Joe Davis (10/2/2012 at 2:46 PM)
With all respect to the CFOs and experts quoted, one of whom is a friend, where is the evidence? Massachusetts did not experience a high rate of employer dumping. The CBO original estimates were higher and assumed that half of all currently insured people would come from employers who dropped coverage. But, that is about six of twelve million people. 30% of ALL CURRENTLY insured employers. I don't think so. And the industry is absolutely scared about being paid less in the future. From everyone. There may be a few states that create an environment for restricted price negotiation...but they will be the BIG exception. It's all about negotiation. That is why the idea of narrow networks and tiered networks are resurfacing. And homegrown ACOs will feed into this, Fewer credible observers expect HIX to lead to Medicare or medicaid rates unless the provider is in that range already with commercial insurers. When you run the numbers, many systems are clearly better off in relation to HIX. And, there will be some interesting opportunities. But, the fog of uncertainty about the future has to create fear.

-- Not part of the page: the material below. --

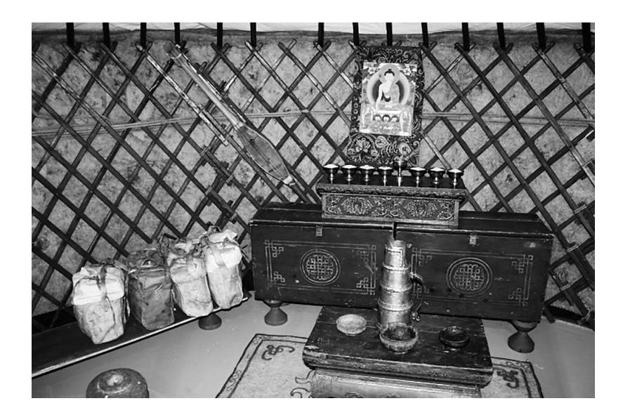
Photo 1 The interior of Tuvan traditional yurt. Collection of Museum of History, Republic of Tuva, Russian Federation. 2012.

have acknowledged the ethnic bonds between Mongol and Tuva in important ways. The second volume of Tuva's history, published in 2007, points out that "these two nations have a centuries-old common destiny through their nomadic way of living, administrative and territorial structure, and Buddhism, as well as the involvement of some Mongol tribes in Tuva's nation-building process and the joint expeditionary wars that made them much closer." (Lamin, eds. 2007: 9)

Drew Joyce (10/2/2012 at 10:15 AM)
Have I missed a development? Why would CFO's believe that individual insurance sold through the exchange will be contracted at Medicaid or Medicare rates? I think everyone expects difficult reimbursement discussions but wouldn't such a major step require more legislative action? There will be more care reimbursed at Medicaid rates in States that opt in, but there should also be a great increase in commercial reimbursement due to expanded enrollment in subsidized individual coverage.